FINANCIAL CONDITION (Continued)
Future significant uses of cash are expected to include capital expenditures, dividends to shareowners, acquisitions, repurchases of common stock in connection with the Companys stock repurchase program and may include contributions to the qualified pension plan trust. It is expected that each of these future uses of cash will be funded by cash generated by operating activities and commercial paper borrowings, or a new issue of debt or other securities. In addition, the Companys $150 million of 6.80% notes mature in April 2003. It is expected that the payment of the notes will be funded by existing cash or a combination of cash and commercial paper borrowings.
In addition to cash generated by operating activities, the Company has access to existing financing sources, including the public debt markets and unsecured credit facilities with various banks. The Companys debt-to-total-capital ratio was 36.6 percent at December 31, 2002 and September 30, 2002.
The Company elects to utilize commercial paper markets as its principal source of short-term financing. During and at the end of the quarter ended December 31, 2002, the Company had no borrowings outstanding under its commercial paper program.
As of December 31, 2002, the Company had $675 million of unsecured committed credit facilities available to support its commercial paper borrowings, $337.5 million expiring in October 2003 and $337.5 million expiring in October 2005. Prior to October 2003, the Company expects to enter into a new credit facility similar to the credit facility expiring at that time in an amount deemed sufficient to support its operations. The terms of the credit facility contain a covenant under which the Company would be in default if the Companys debt to capital ratio were to exceed 60 percent. Outstanding commercial paper balances reduce the amount of available borrowings under the unsecured committed credit facilities.
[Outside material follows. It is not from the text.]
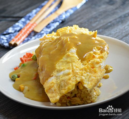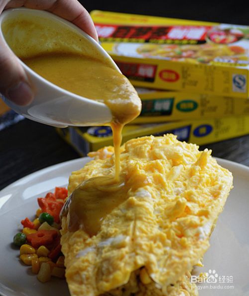 做好的鸡蛋马上放到炒饭上面,我煮的鸡蛋还是熟了点不够柔软没有弹性,吃的时候用小刀对着鸡蛋的中心切开,这样鸡蛋就会往左右两边覆盖着炒饭,然后淋上刚才剩余的咖喱酱。

The Companys current commercial paper credit ratings are as follows: Moodys (P-2), Standard & Poors (A-1) and Fitch (F1). Should the Companys access to the commercial paper market be adversely affected due to a change in market conditions or otherwise, the Company would expect to rely on a combination of available cash and the unsecured committed credit facilities to provide short-term funding. In such event, the cost of borrowings under the unsecured committed credit facilities could be higher than the cost of commercial paper borrowings.
ENVIRONMENTAL
Information with respect to the effect on the Company and its manufacturing operations of compliance with environmental protection requirements and resolution of environmental claims is contained on pages 54 and 55 in Note 19 of the Notes to Consolidated Financial Statements in Item 8, Consolidated Financial Statements and Supplementary Data, of the Companys Annual Report on Form 10-K for the fiscal year ended September 30, 2002. Management believes that at December 31, 2002, there has been no material change to this information.
CAUTIONARY STATEMENT
This Quarterly Report contains statements (including certain projections and business trends) accompanied by such phrases as believes, estimates, expect(s), anticipates, will, intends and other similar expressions, that are forward-looking statements as defined in the Private Securities Litigation Reform Act of 1995. Actual results may differ materially from those projected as a result of certain risks and uncertainties, including but not limited to economic and political changes in international markets where the Company competes, such as currency exchange rates, inflation rates, recession, foreign ownership restrictions and other external factors over which the Company has no control; demand for and market acceptance of new and existing products, including levels of capital spending in industrial markets; successful development of advanced technologies; competitive product and pricing pressures; future terrorist attacks; and the uncertainties of litigation, as well as other risks and uncertainties, including but not limited to those detailed from time to time in the Companys Securities and Exchange Commission filings. These forward-looking statements are made only as of the date hereof, and the Company undertakes no obligation to update or revise the forward-looking statements, whether as a result of new information, future events or otherwise.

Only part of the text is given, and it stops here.